Secara struktural, ia punya wibawa, pengaruh, dan kewenangan yang kuat untuk mendorong lahirnya kebijakan pemda.
Dengan posisi itu, dari sisi internal, seorang Sekda harus mampu bertindak sebagai penyinkron dari adanya hubungan kepentingan timbal balik dua arah (legislatif dan eksekutif). Begitupun yang diinginkan Indra Yasin disela-sela sambutannya.
Sekda menjadi penerjemah kebijakan Bupati untuk dapat diimplementasikan OPD di lapangan. Di lain pihak, ia harus menjadi penampung aspirasi OPD hingga aspirasi itu dapat lebih diperdengarkan dijajaran penentu kebijakan pemda.
Dukungan OPD
Keberhasilan seorang pemimpin akan sangat bergantung pada sejauh mana tingkat dukungan para pelaksana. Oleh karena itu, faktor dukungan penuh dari para pelaksana ini sebagai "tools" utama untuk menentukan berhasil tidaknya suatu misi yang diemban pimpinan.
Agar tumbuhnya dukungan penuh dari seluruh OPD, agaknya persoalan penting saat ini yang harus ditangani setidaknya tertuju pada tiga hal.
Pertama, ia harus mampu memberikan kenyamanan dan ketenangan agar para OPD bisa bekerja dengan baik. Keterlambatan penyusunan RAPBD 2020/2021 dan masih rendahnya serapan anggaran pemerintah tahun 2021 merupakan sampel indikasi bahwa aparat kurang bisa bekerja maksimal, kurang konsentrasi, dan kurang termotivasi agar bisa mengerahkan seluruh kemampuannya bagi organisasi.

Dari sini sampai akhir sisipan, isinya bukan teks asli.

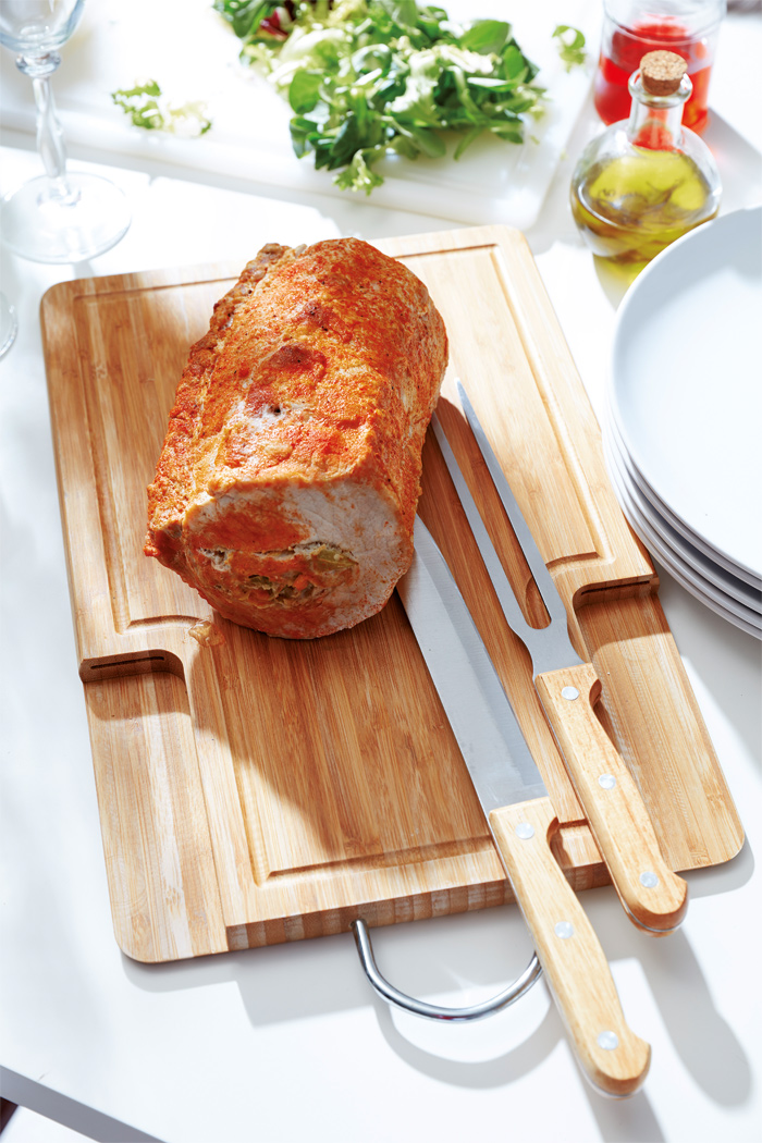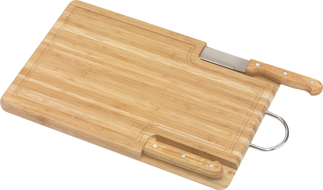 Schneidebrett BAMBOO-CUT: aus Bambus, inkl. Tranchierbesteck, Messer und Gabel aus Edelstahl mit Holzgriff, im Brett integrierte Schlitze zur sicheren Aufbewahrung des Bratenbestecks, mit praktischer Ablaufrille am Rand und Metallgriff zum Aufhängen, in Box
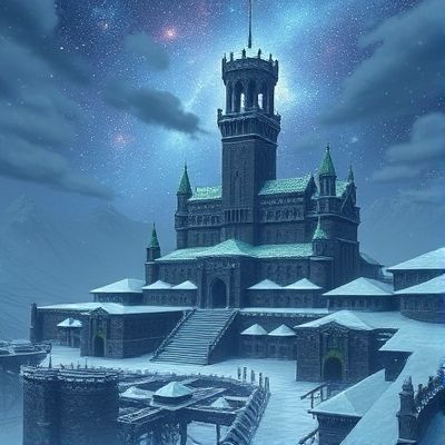 Perched atop a jagged glacial plateau, the Arcanum is a breathtaking fusion of ancient elven artistry and practical orcish fortification. Its central tower, The Frostspire, stretches high into the pale sky, carved from living ice and veined with glowing silver filigree that channels leyline energy.
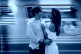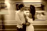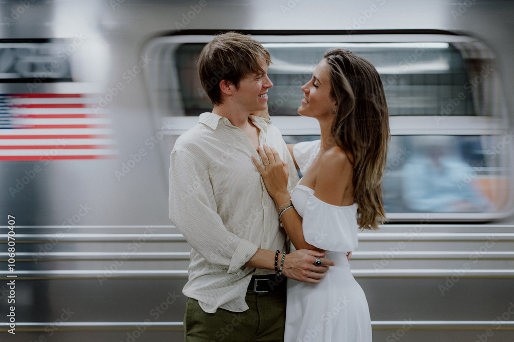 A couple shares a tender moment in a busy subway in New York, showcasing their love amidst the citys constant energy
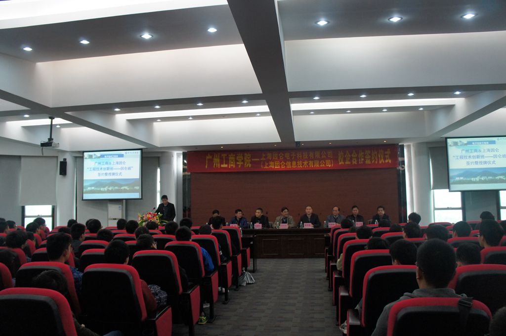 【本网讯】3月18日上午,广州工商&上海因仑“工程技术创新班——因仑班”签约暨授牌仪式在我院三水校区学术报告厅隆重举行。出席本次活动的嘉宾和领导有上海因仑信息技术公司执行总监韩学能、广州银证信息科技有限公司总经理张群红,学院副院长吴宏岳,三水校区管委会、科研处兼校企办、实验实训中心、电子信息工程系主要负责人。大会由电子信息工程系副主任易亚军主持。

Banyak faktor yang bisa mempengaruhinya, salah satunya adalah akibat kurang terciptanya kondisi dan situasi yang bisa membuat para pelaksana merasa aman dan nyaman. Memang belum ada riset yang valid atas kebenaran pandangan itu. Bahkan ada pula yang memandangnya sebagai "kepura-puraan".
Sulit dibantah bahwa ada fenomena umum yang tengah melanda sebagian besar kalangan ASN Gorut saat ini yakni terutama munculnya rasa kehilangan kepercayaan dan keyakinan diri terhadap hasil akhir dari proses pekerjaan. Ada kegamangan dan ketidakjelasan yang bisa muncul sebagai implikasi dari kemungkinan terjadinya ketimpangan antara sisi ideal (das sein) sebagaimana diatur dalam berbagai ketentuan dan kenyataan di lapangan (das sollen).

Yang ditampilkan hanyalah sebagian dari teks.